Sticking Landlords With the Bill
Add comment March 10th, 2008
I caught up this morning with Rep. Harry Osterman, a Chicago Democrat spearheading legislation to make landlords pay for the cost of housing tenants when the landlord’s property is condemned.
Rep. Chuck Jefferson, D-Rockford, is co-sponsoring the measure, and the mayor’s office is backing it, as the Register Star reported this morning.
“If a municipality takes an action against a building with condemnation or makes a ruling on safety hazards, and the people are forced to vacate the building because it is deemed unhealthy by the municipality, many of these people don’t have the means to go and find another place to live. They’re going to go live with their relatives,” Osterman told me by phone.

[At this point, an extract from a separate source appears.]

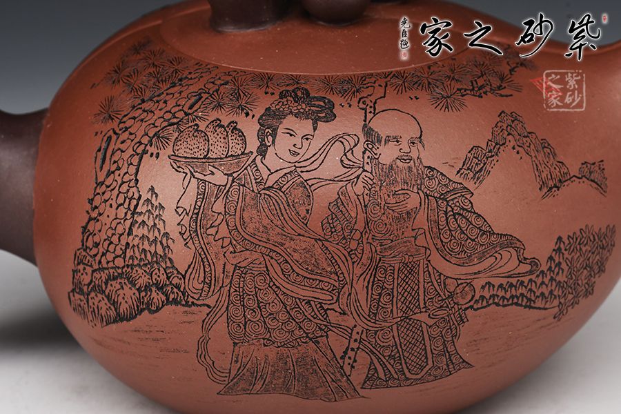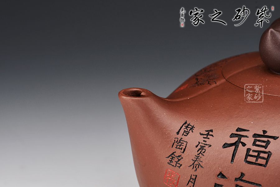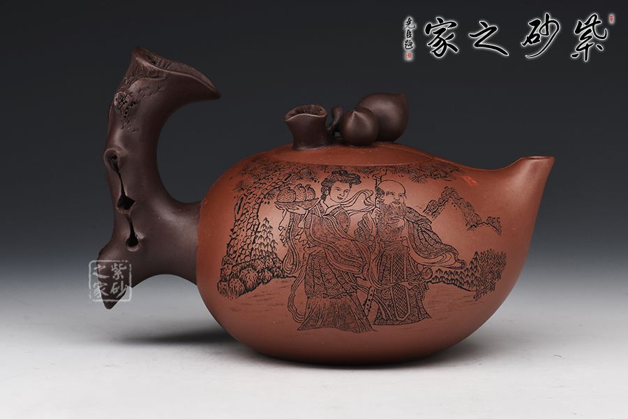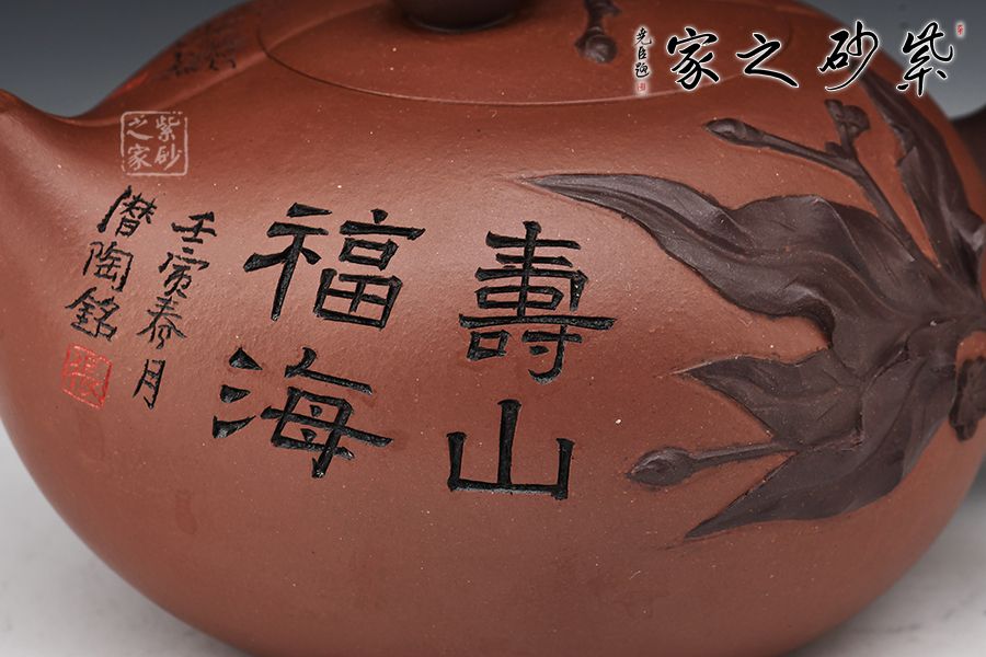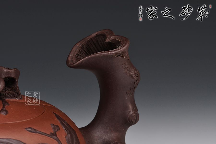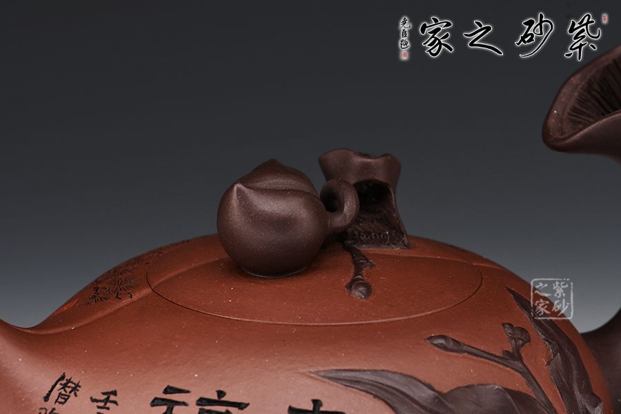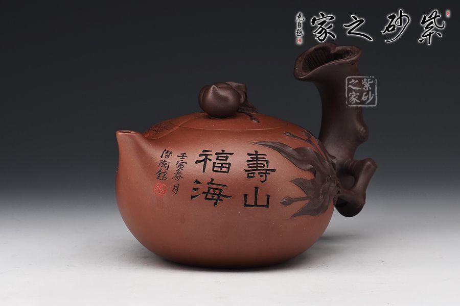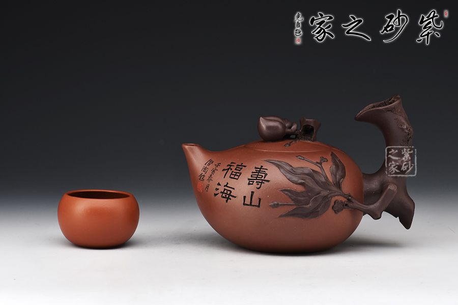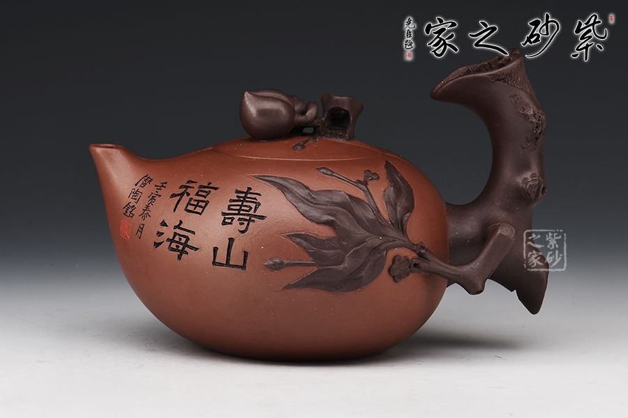 此壺設(shè)計(jì)巧妙,整壺亦是壽桃,壺蓋、把柄像枝干連著葉片與果實(shí),舒展自然。幼桃俯仰,藏露于葉間,靈動(dòng)有趣,寓意子孫同堂,溫馨祥和,色澤自然生動(dòng),形象惟妙惟肖,實(shí)乃巧奪天工。

“So what we want to do is have this individual slumlord or landlord, who’s responsible for this building, pay to move someone to another place to live. If for whatever reason that (landlord) is not able to do that, we would enable municipalities to front-end those costs, and then to try to get them back through a civil action against the landlord. The bottom line is what we’re trying to do is if there are renters, who through no fault of their own are in a building that is in disrepair and has been condemned, we want to make sure they have some kind of protections.”
Osterman’s bill:
The landlord would need to pay each displaced tenant $2,000 per unit or three times the monthly rent, whichever is greater, plus the tenant’s deposit, interest and prepaid rent, within seven days of getting a condemnation notice, under the bill.
Critics complain that the measure doesn’t recognize the possibility that a tenant may have caused the damage to a rental unit, prompting the city to condemn it. Osterman said he is prepared to negotiate a provision making that clear.
“What I have committed to do is to work with them to strengthen that provision, to very explicitly and flesh out in an amendment, that this is not the tenant’s fault, but this is something due to the inaction of the owner,” he said.